Closed Phylanxy closed 10 months ago

Phylanxy commented 10 months ago

I am trying to get some keywords from google maps restaurant reviews that would allow me to give the restaurants some meaningful labels. There are some words I don't want to include because they are meaningless in my context. Those would be words like "restaurant" or "cuisine" - at least as single words.
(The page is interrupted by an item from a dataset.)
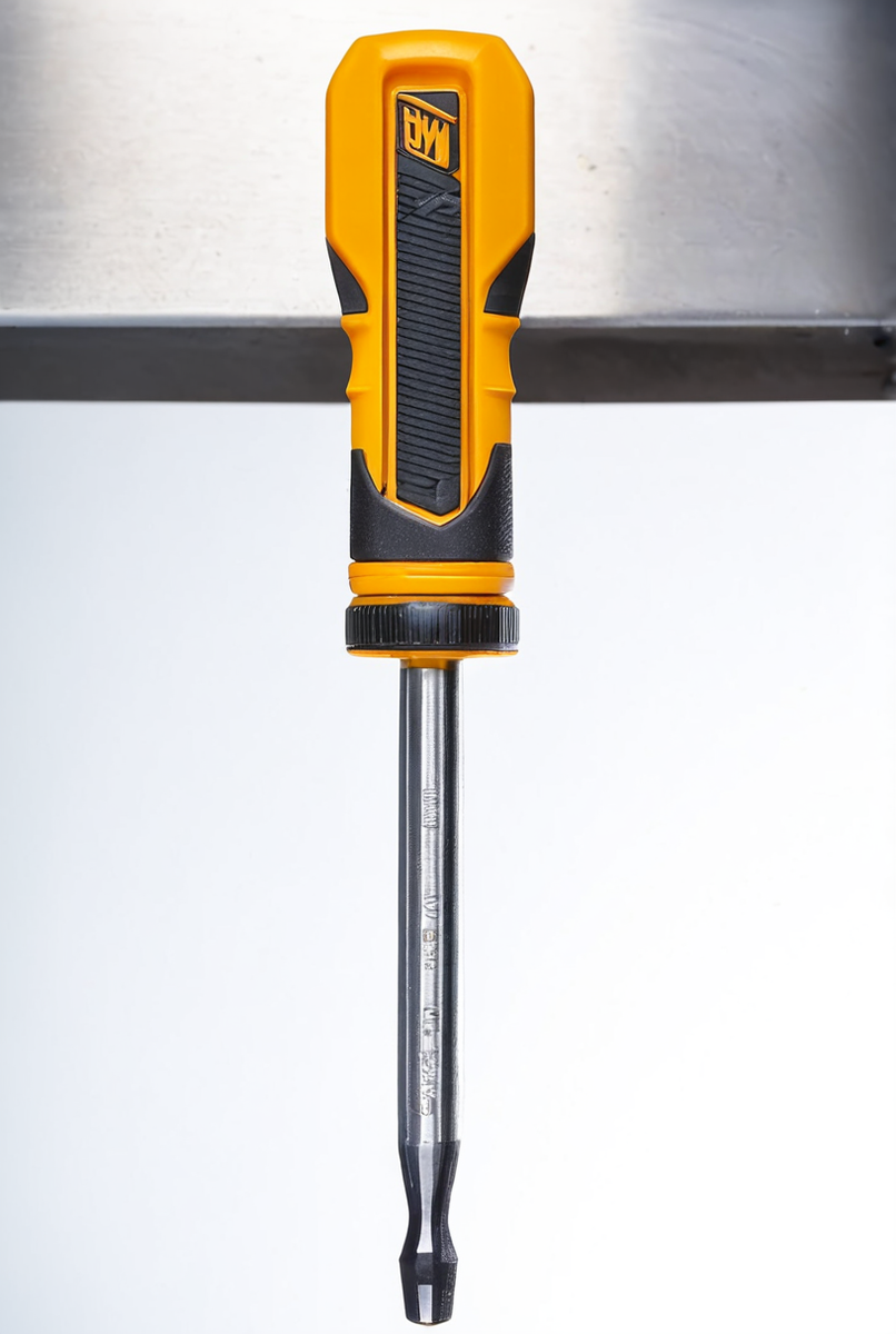 Конструкция для высоких нагрузок: стержень из CrV стали (хромованадиевая сталь), магнитный наконечник и двухкомпонентная эргономичная рукоятка для надежного хвата

My problem now is that if I remove these words, that might lead to wrong parings when using n_grams of 2 or more. I also tried removing them afterwards but this would either lead to a lot of phrases being removed if I remove all phrases containing the unwanted words OR would result in false keywords if I only remove the words from the phrases.

Is there a way to do this more elegantly?

Subquestion: I tried using my own list of stopwords (which worked great with BERTopic) but only got an empty list as output. Is there a way to do this in keyBERT?

Phylanxy commented 10 months ago

Ok, my bad I just found my way to the documentation - somehow I wasn't able to find it before.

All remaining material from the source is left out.